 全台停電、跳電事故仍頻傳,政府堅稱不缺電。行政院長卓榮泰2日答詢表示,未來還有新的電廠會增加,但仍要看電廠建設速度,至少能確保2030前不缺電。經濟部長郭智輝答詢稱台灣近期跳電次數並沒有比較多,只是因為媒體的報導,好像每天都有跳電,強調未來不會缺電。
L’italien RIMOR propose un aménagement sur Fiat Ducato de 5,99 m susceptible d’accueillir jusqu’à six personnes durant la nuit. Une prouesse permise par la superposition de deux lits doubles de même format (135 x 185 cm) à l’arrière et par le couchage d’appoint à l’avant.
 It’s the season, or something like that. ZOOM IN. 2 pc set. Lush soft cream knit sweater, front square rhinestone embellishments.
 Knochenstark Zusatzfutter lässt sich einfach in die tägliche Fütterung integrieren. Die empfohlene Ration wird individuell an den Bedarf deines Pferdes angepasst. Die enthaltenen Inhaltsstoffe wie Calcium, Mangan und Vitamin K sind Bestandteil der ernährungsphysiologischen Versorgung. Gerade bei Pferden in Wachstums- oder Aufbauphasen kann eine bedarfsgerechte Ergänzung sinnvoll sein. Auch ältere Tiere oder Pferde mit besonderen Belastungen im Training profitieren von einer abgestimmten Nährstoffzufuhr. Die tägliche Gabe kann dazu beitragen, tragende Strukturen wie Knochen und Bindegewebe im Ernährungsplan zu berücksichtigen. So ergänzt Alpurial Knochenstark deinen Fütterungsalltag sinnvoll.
* * *
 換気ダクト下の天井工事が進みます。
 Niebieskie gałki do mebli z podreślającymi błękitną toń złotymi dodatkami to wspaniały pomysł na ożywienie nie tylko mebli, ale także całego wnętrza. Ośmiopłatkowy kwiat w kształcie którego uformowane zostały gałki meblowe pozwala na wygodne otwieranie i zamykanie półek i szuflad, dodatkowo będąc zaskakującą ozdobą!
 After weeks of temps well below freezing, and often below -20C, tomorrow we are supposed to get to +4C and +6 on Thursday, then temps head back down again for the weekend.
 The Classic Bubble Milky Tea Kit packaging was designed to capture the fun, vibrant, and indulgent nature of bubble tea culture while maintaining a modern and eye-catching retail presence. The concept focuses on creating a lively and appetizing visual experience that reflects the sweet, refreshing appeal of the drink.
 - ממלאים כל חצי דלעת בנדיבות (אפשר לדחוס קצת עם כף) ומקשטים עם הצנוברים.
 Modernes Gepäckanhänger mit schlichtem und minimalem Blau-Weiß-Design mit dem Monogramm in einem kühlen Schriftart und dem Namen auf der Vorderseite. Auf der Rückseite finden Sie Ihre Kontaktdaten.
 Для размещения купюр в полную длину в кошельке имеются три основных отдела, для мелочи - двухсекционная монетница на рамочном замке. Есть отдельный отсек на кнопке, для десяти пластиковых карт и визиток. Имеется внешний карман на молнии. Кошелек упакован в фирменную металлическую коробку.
...
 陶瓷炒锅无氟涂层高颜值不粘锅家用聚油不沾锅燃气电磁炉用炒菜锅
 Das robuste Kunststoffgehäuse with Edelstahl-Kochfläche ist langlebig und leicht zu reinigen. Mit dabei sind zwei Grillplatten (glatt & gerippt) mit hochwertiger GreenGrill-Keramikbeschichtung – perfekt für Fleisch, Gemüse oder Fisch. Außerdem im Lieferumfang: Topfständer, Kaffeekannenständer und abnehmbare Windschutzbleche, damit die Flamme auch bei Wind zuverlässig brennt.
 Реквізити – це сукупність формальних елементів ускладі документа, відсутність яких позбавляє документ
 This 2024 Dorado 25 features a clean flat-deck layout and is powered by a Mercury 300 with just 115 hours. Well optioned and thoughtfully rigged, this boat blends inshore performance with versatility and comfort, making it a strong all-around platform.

#### Exercise aim
Among the lines above, find the one with "Реквізити – це" and the one with "This 2024 Dorado". Quote both and everything between them, exactly.

#### Finished exercise
 Реквізити – це сукупність формальних елементів ускладі документа, відсутність яких позбавляє документ
 This 2024 Dorado 25 features a clean flat-deck layout and is powered by a Mercury 300 with just 115 hours. Well optioned and thoughtfully rigged, this boat blends inshore performance with versatility and comfort, making it a strong all-around platform.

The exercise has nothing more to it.